- INSTRUCTIONS FOR THE TASK: Omitting the images, transcribe the records below exactly as they stand.

- SOURCE RECORDS:
——
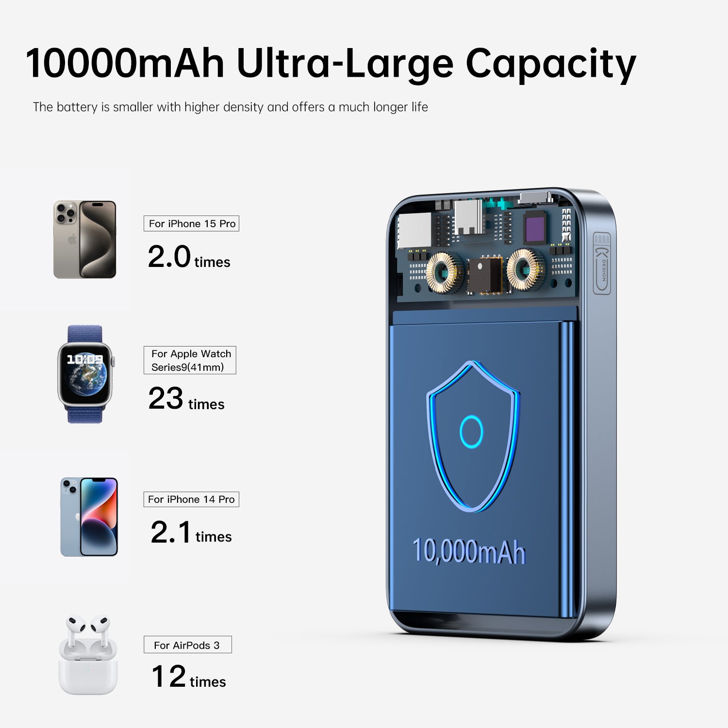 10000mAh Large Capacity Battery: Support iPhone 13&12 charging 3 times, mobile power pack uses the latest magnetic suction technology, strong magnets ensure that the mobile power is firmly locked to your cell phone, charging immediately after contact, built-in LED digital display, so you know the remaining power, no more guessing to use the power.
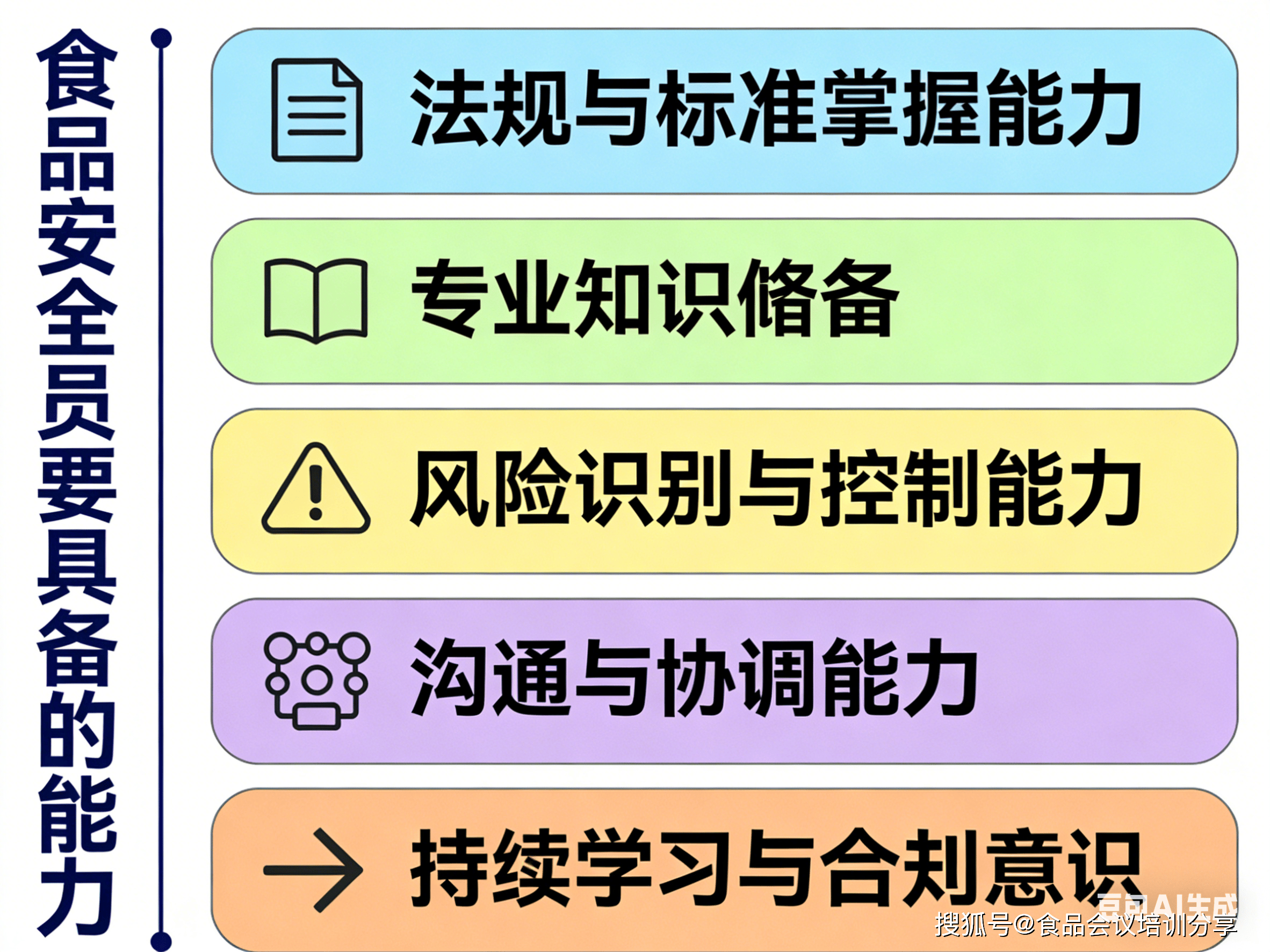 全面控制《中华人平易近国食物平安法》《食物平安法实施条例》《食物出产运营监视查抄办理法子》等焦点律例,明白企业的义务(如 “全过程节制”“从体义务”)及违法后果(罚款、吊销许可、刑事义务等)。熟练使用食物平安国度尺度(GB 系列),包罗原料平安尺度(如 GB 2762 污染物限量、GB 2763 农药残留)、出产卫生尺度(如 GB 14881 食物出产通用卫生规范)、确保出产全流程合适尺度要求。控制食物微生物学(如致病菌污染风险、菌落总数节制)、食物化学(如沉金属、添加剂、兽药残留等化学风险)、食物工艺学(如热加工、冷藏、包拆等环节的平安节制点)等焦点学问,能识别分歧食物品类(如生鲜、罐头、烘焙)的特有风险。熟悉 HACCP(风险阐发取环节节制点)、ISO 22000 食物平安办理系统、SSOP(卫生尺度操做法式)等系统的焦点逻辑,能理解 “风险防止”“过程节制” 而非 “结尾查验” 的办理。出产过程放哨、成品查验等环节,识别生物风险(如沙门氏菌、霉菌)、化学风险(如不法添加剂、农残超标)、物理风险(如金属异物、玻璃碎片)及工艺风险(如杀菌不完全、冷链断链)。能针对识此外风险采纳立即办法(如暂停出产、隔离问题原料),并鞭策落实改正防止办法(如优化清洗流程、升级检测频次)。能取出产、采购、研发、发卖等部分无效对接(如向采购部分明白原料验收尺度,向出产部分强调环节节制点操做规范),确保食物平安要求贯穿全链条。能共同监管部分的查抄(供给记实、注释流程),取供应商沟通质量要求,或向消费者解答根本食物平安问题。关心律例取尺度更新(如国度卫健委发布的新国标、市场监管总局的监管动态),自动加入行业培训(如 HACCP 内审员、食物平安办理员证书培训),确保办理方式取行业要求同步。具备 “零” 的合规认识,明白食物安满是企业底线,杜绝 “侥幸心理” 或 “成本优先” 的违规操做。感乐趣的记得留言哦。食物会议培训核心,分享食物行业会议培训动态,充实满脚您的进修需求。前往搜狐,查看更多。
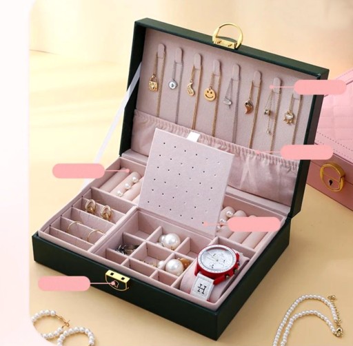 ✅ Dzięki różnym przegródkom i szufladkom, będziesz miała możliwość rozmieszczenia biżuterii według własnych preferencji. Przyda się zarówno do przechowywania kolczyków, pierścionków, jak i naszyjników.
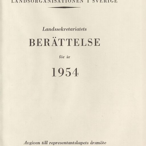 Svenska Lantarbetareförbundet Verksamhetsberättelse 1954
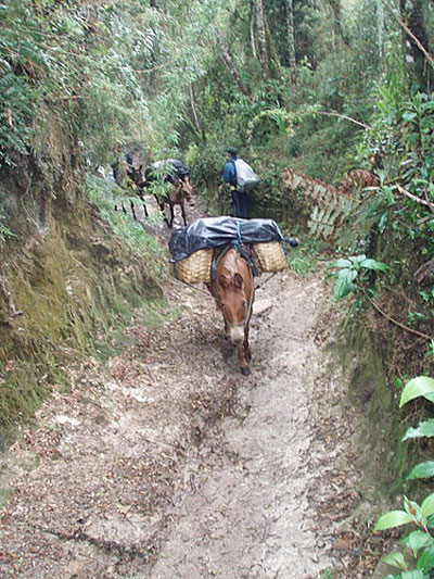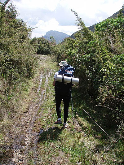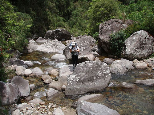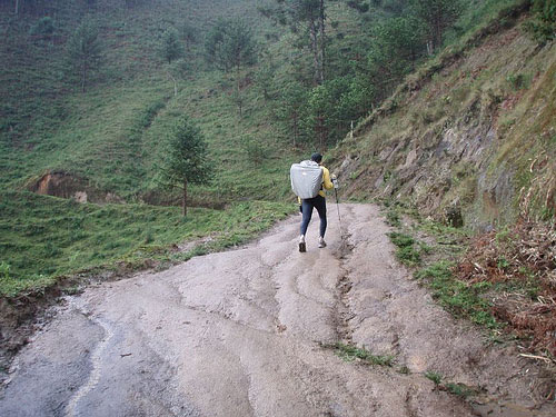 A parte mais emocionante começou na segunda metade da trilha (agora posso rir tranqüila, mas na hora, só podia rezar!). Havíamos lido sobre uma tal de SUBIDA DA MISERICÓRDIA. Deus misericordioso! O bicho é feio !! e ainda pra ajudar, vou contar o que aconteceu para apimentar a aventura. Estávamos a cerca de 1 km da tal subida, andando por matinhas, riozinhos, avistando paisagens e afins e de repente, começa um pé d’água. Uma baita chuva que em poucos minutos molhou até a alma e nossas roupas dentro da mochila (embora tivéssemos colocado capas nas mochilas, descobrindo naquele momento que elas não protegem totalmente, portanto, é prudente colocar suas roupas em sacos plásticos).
——
- ANSWER BOX:
 10000mAh Large Capacity Battery: Support iPhone 13&12 charging 3 times, mobile power pack uses the latest magnetic suction technology, strong magnets ensure that the mobile power is firmly locked to your cell phone, charging immediately after contact, built-in LED digital display, so you know the remaining power, no more guessing to use the power.
 全面控制《中华人平易近国食物平安法》《食物平安法实施条例》《食物出产运营监视查抄办理法子》等焦点律例,明白企业的义务(如 “全过程节制”“从体义务”)及违法后果(罚款、吊销许可、刑事义务等)。熟练使用食物平安国度尺度(GB 系列),包罗原料平安尺度(如 GB 2762 污染物限量、GB 2763 农药残留)、出产卫生尺度(如 GB 14881 食物出产通用卫生规范)、确保出产全流程合适尺度要求。控制食物微生物学(如致病菌污染风险、菌落总数节制)、食物化学(如沉金属、添加剂、兽药残留等化学风险)、食物工艺学(如热加工、冷藏、包拆等环节的平安节制点)等焦点学问,能识别分歧食物品类(如生鲜、罐头、烘焙)的特有风险。熟悉 HACCP(风险阐发取环节节制点)、ISO 22000 食物平安办理系统、SSOP(卫生尺度操做法式)等系统的焦点逻辑,能理解 “风险防止”“过程节制” 而非 “结尾查验” 的办理。出产过程放哨、成品查验等环节,识别生物风险(如沙门氏菌、霉菌)、化学风险(如不法添加剂、农残超标)、物理风险(如金属异物、玻璃碎片)及工艺风险(如杀菌不完全、冷链断链)。能针对识此外风险采纳立即办法(如暂停出产、隔离问题原料),并鞭策落实改正防止办法(如优化清洗流程、升级检测频次)。能取出产、采购、研发、发卖等部分无效对接(如向采购部分明白原料验收尺度,向出产部分强调环节节制点操做规范),确保食物平安要求贯穿全链条。能共同监管部分的查抄(供给记实、注释流程),取供应商沟通质量要求,或向消费者解答根本食物平安问题。关心律例取尺度更新(如国度卫健委发布的新国标、市场监管总局的监管动态),自动加入行业培训(如 HACCP 内审员、食物平安办理员证书培训),确保办理方式取行业要求同步。具备 “零” 的合规认识,明白食物安满是企业底线,杜绝 “侥幸心理” 或 “成本优先” 的违规操做。感乐趣的记得留言哦。食物会议培训核心,分享食物行业会议培训动态,充实满脚您的进修需求。前往搜狐,查看更多。
 ✅ Dzięki różnym przegródkom i szufladkom, będziesz miała możliwość rozmieszczenia biżuterii według własnych preferencji. Przyda się zarówno do przechowywania kolczyków, pierścionków, jak i naszyjników.
 Svenska Lantarbetareförbundet Verksamhetsberättelse 1954
 A parte mais emocionante começou na segunda metade da trilha (agora posso rir tranqüila, mas na hora, só podia rezar!). Havíamos lido sobre uma tal de SUBIDA DA MISERICÓRDIA. Deus misericordioso! O bicho é feio !! e ainda pra ajudar, vou contar o que aconteceu para apimentar a aventura. Estávamos a cerca de 1 km da tal subida, andando por matinhas, riozinhos, avistando paisagens e afins e de repente, começa um pé d’água. Uma baita chuva que em poucos minutos molhou até a alma e nossas roupas dentro da mochila (embora tivéssemos colocado capas nas mochilas, descobrindo naquele momento que elas não protegem totalmente, portanto, é prudente colocar suas roupas em sacos plásticos).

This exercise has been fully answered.